The comedian acted within the law.

Jimmy Carr has done the politic thing by tweeting about his tax avoidance, "I now realise I've made a terrible error of judgement," but it's a sad outcome to a witchhunt. There is nothing illegal about what he has done and he should not have been forced by the prime minister and a press pack of hounds into apologising.

This is not a defence of tax avoidance: as a moral issue, I feel that people should not take excessive measures to avoid tax, even though as editor of Spear's, a magazine for high net worths, many of my readers pay clever lawyers and accountants to do just that.

However, if we start calling people who obey the law "morally repugnant", we are in danger of undermining one of Britain's great strengths and sources of international renown, the rule of law. If judges have to hand down rulings on the basis of morality - or worse, what the prime minister thinks - then we will have done great damage.

People cannot arrange their affairs - whether for great fortunes or small businesses - fearing that the law may be retrospectively changed to make legal manoeuvres illegal, indeed not even illegal but "immoral".

A clampdown on tax avoidance is under way.

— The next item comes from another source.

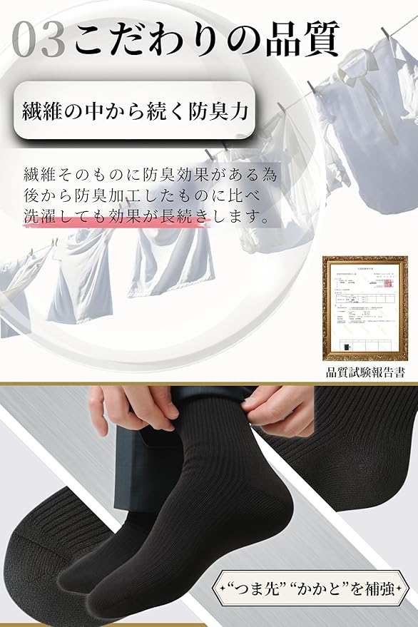 【薬剤を使わず抗菌防臭】海藻由来のアルギン酸を繊維内部に結合することで薬剤による防臭加工を一切せずに半永久的に抗菌防臭効果を発揮。安心して履けるメンズ靴下。

The government will introduce a General Anti-Avoidance Rule which makes the spirit of the law, not its letter, the measure, and this will end once and for all the more outlandish schemes we have seen, such as K2 and Eclipse 35.

But until that point, abusing those who operate within the law, humiliating them, dragging their personal affairs into the public eye - none of these things is acceptable.

Jimmy Carr, Photograph: Getty Images

Josh Spero is the editor of Spear's magazine.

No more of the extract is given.